AI won't take our jobs and it might even save the middle class

MIT economist argues ML can moderate the inequalities of the Information Age

The future described in OpenAI's mission statement, in which autonomous systems "outperform humans at most economically valuable work," sounds like a hellscape to MIT economics professor David Autor.

A world where humans supply only generic, undifferentiated labor and wealth flows to AI system owners and rights holders would look something like "WALL-E" meets "Mad Max," he says.

But it doesn't have to be that way. In an paper released through the National Bureau of Economic Research, "Applying AI to Rebuild Middle Class Jobs," Autor argues that fears of a future in which AI will leave humans with nothing to do are misplaced and in fact, AI can improve the lot of the middle class.

Citing Elon Musk's prediction during a recent interview with UK Prime Minister Rishi Sunak that "...there will come a point where no job is needed," and AI pioneer Geoffrey Hinton's advice to "get a job in plumbing," Autor argues the future will not lack jobs. Declining birth rates and a shrinking labor force, he contends, will ensure a labor shortage.

The question is more centered on what available jobs will entail. Autor believes that the emergence of AI as an assistive tool provides a path to undo the damage of the Information Age, which has devalued the procedural expertise of middle class workers and shifted power to elite decision makers.

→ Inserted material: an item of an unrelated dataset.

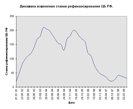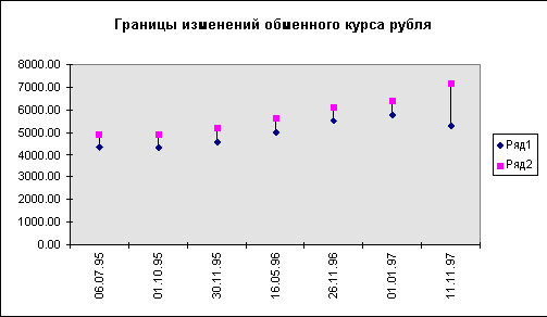 Проводимая с середины 1995 года курсовая политика Банка России, направленная на стабилизацию и предсказуемость обменного курса рубля, сыграла важную роль в нормализации макроэкономической ситуации в России. Практика установления Банком России границ допустимых изменений обменного курса рубля обеспечила предсказуемую динамику валютного курса в 1995-1997гг. Достигнутый прогресс в области финансовой стабилизации впервые позволил установить в 1997 году границы валютного коридора на весь год. Учитывая возросшую степень интеграции России с мировыми финансовыми рынками и следуя курсу на предсказуемость и преемственность политики, Банк России принял решение о переходе от практики установления краткосрочных ограничений на изменение курса российского рубля к определению среднесрочных ориентиров его динамики. В качестве такого ориентира как минимум на 1998 - 2000 гг. определен центральный курс 6,2 рубля за 1 доллар США с допустимыми отклонениями от него в пределах 15 % в обе стороны. В 1998 году Банк России будет стремиться к сохранению среднего значения обменного курса рубля на уровне 6,1 за 1 доллар США (см Диаграмму 2 построенную по данным публикуемым на официальном электронно-информационном сервере Банка России) Диаграмма 2.

"The unique opportunity that AI offers humanity is to push back against the process started by computerization – to extend the relevance, reach and value of human expertise for a larger set of workers," he writes.

"Because artificial intelligence can weave information and rules with acquired experience to support decision-making, it can enable a larger set of workers equipped with necessary foundational training to perform higher-stakes decision-making tasks currently arrogated to elite experts, such as doctors, lawyers, software engineers and college professors."

If you're a highly paid professional in a credential-gated profession, this may not sound like the ideal outcome. But there is precedent for such shifts.

For example, Autor cites the job of Nurse Practitioner, who are Registered Nurses (RNs), with an additional master's degree that certifies them to perform tests and administer services previously reserved for physicians.

The number of Nurse Practitioners in the US, he notes, nearly tripled between 2011 and 2022 to roughly 224,000 and that number is expected to grow 40 percent over the next decade. What made that possible? Beyond the decisions by medical professionals back in the 1960s to use the skills of registered nurses more effectively and to change medical regulations, Autor points to information technology, specifically electronic medical records.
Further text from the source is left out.